YoukaiSlayer posted...
You could figure out it's exact current effect on every other memory and part of the brain and address each of those parts individually while removing the memory. Nothing in the human body can't be measured, altered, or artificially created and inserted. We just don't have the tools to do a lot of it yet nor have we learned enough about how it works. Every doctor I talk to is so defeatist about the whole thing though. We can't do that, it can't be done. They act like these are ironclad rules just cause we haven't figured it out yet, even for stuff that is clearly possible like measuring the microbiome in the gut.

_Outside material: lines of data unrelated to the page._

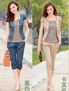 2015夏裝新款韓版時尚修身拼接 哈倫短袖七分褲三件套女 /
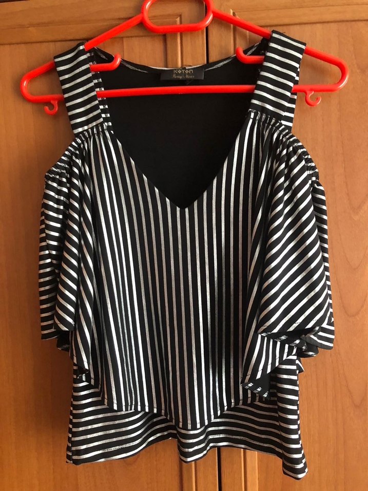 Siyah çizgili kadın bluz, V yaka ve askılı kollara sahip
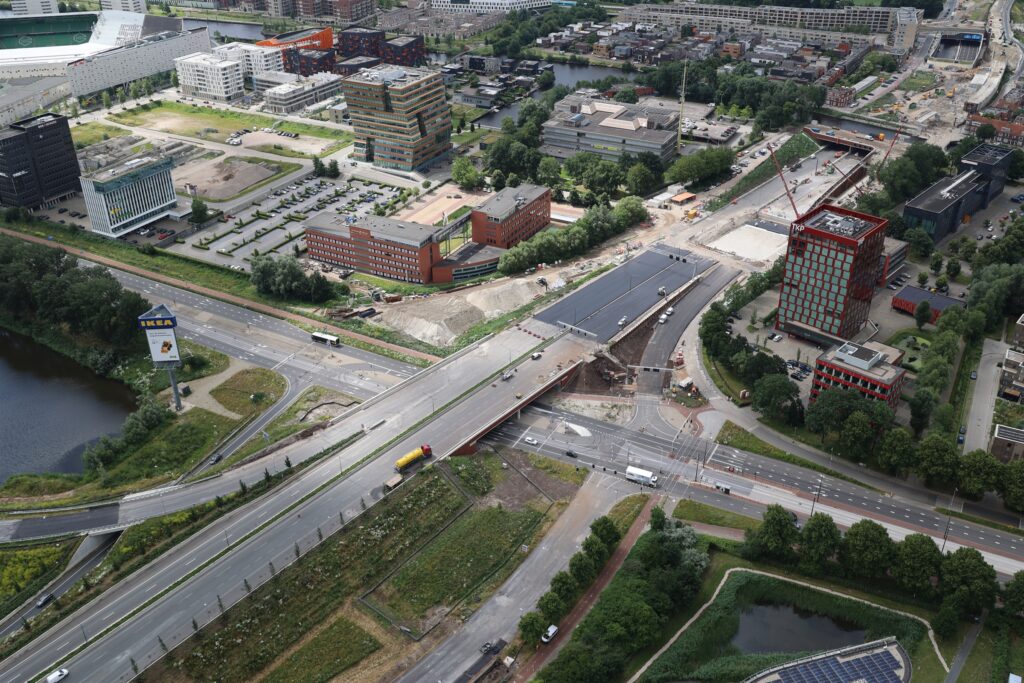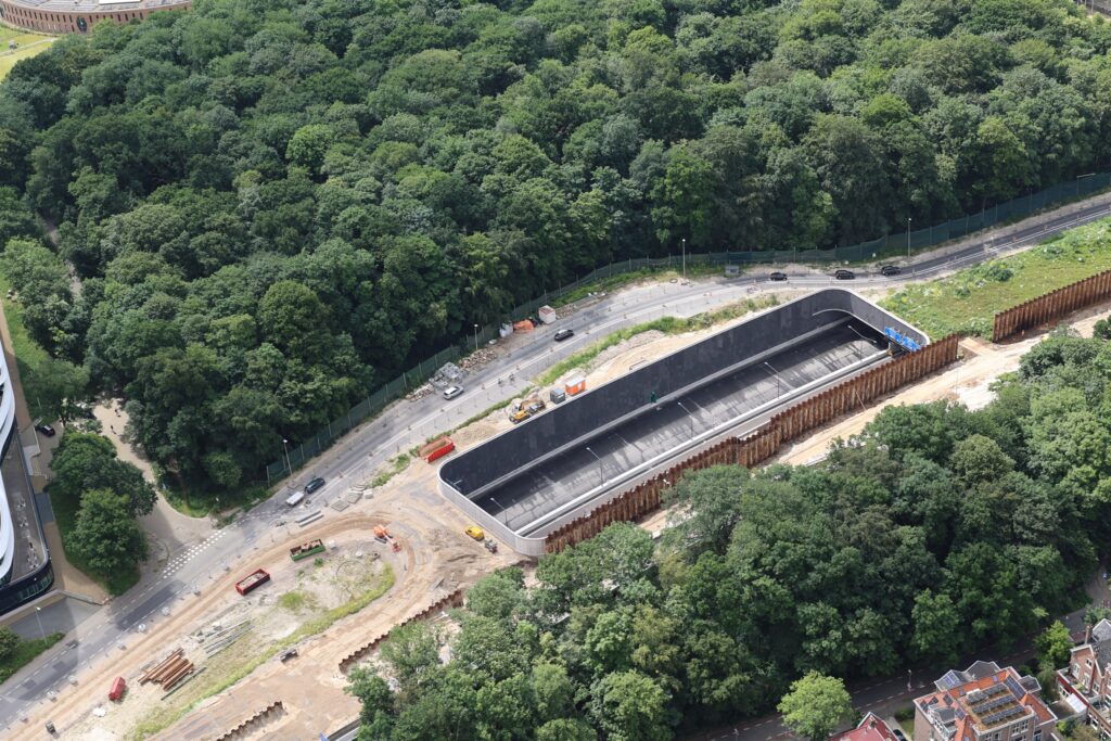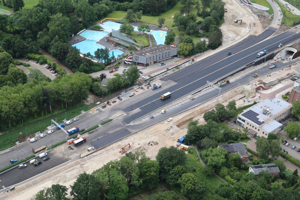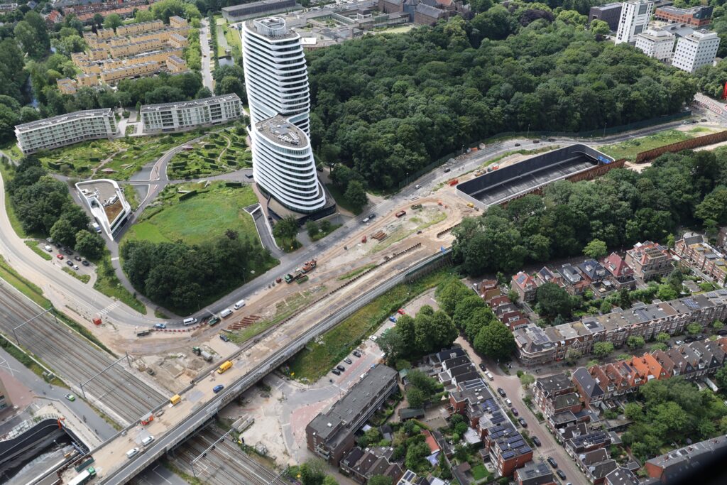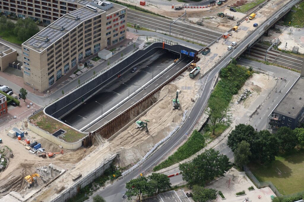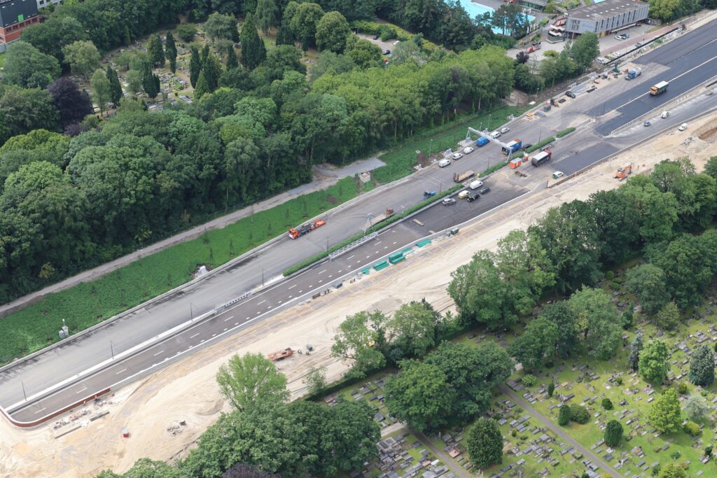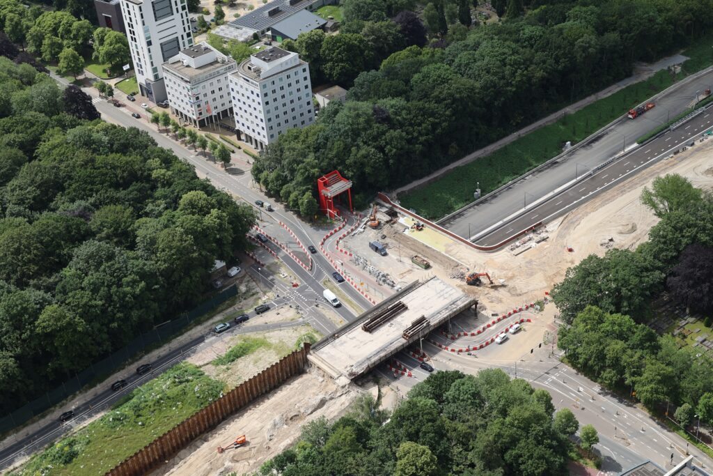 Rijkswaterstaat vloog eind juni van oost naar west over de nieuwe verdiepte ligging van de zuidelijke ringweg, vanaf het Europaplein naar het Julianaplein. Naast de verdwijnende oude Ring-Zuid is, zo stelt Aanpak Ring-Zuid, ook goed te zien dat de verdiepte ligging al heel ver is.

Trying to measure one memory's effect on every other memory in the brain would be like trying to measure how every molecule of water is affecting the placement and movement of every other molecule of water in the entire ocean. It's a giant interconnected web of synapses. Maybe with the greatest supercomputer in human history you could somehow track it but that still doesn't mean there is any way to isolate and alter it. And assuming it would not have a cascading effect on other memories, which you could not do. It's one thing to model something on a computer and another to actually dig open a human brain and stick an instrument in there. Measuring a gut biome is a child's fisher price surgery playset by comparison.
Dmess85 posted...
I think what TC is saying is that, "Is your brain like a hard driver where you can erase a memory, like a file, and keep the others intact. '
Yes. That's what I'm answering. And it's a hard no.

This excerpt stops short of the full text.